Discussion of Possible Embodiments
[0015] The following are non-exclusive descriptions of possible embodiments of the present
invention.
[0016] A fire extinguisher vessel including a hollow body made of stainless steel; a fill
port attached to a first end of the body; a discharge outlet attached to a second
end of the body; a mechanical attachment lug connected to the body between the first
end of the body and the second end of the body; a pressure switch attached to the
body between the mechanical attachment lug and the discharge outlet; and a wrap covering
the body, wherein the wrap is flush with the fill port, the discharge outlet, the
mechanical attachment lug, and the pressure switch.
[0017] The fire extinguisher vessel of the preceding paragraph can optionally include, additionally
and/or alternatively, any one or more of the following features, configurations and/or
additional components:
The wrap comprises high strength fiber glass.
[0018] The wrap comprises carbon fiber reinforced fiberglass.
[0019] The wrap comprises carbon fiber nano-tubes.
[0020] The body is spherical.
[0021] The fire extinguisher vessel includes a plurality of mechanical attachment lugs connected
to the body between the first end of the body and the second end of the body; and
a plurality of discharge outlets attached to a second end of the body.

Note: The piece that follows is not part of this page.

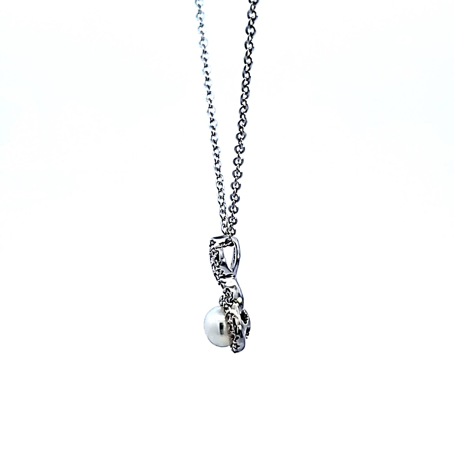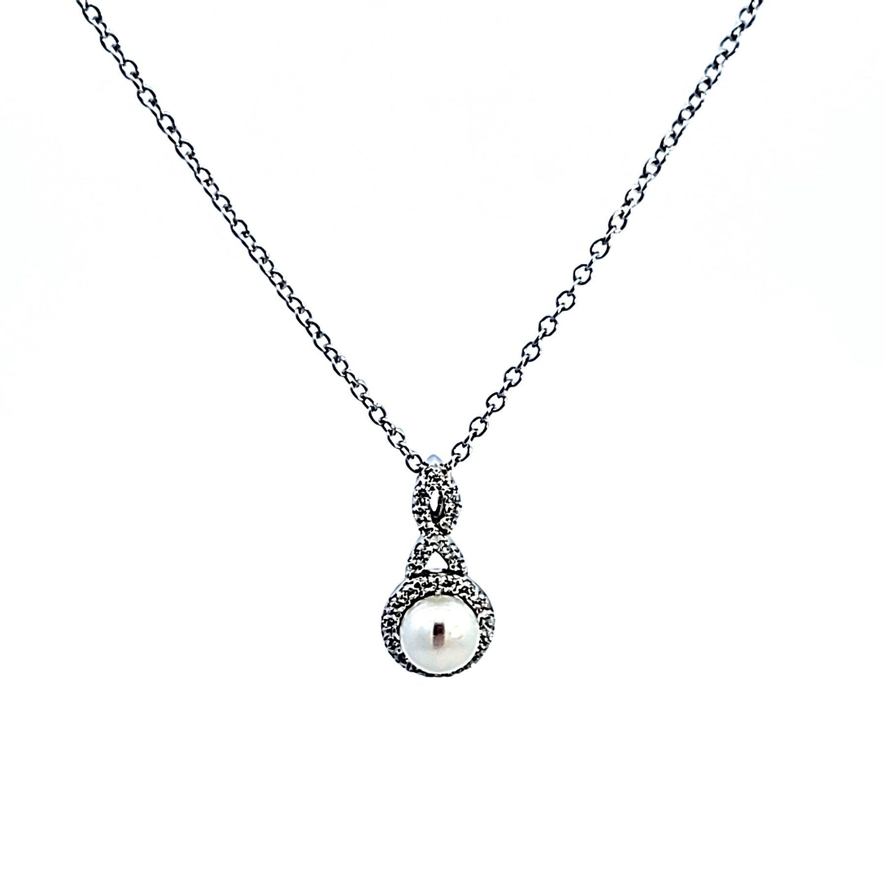 Discover timeless beauty with this stunning freshwater pearl and cubic zirconia pendant necklace. Crafted from platinum plated sterling silver, its gleaming pearl centerpiece with cubic zirconia accents complemented by an elegant silver chain, ideal for elevating both everyday outfits and special ensembles.

[0022] The fire extinguisher vessel has an agent fill density of at least about 0.026 pounds
per cubic inch.
[0023] The body comprises a nitrogen strengthened stainless steel alloy.
[0024] The fire extinguisher vessel has an agent fill density of up to about 0.0336 pounds
per cubic inch.
[0025] The wrap has a thickness between about 0.0625 inch and about 0.125 inch.
[0026] The wrap covers the body along all three orthogonal axes of the body.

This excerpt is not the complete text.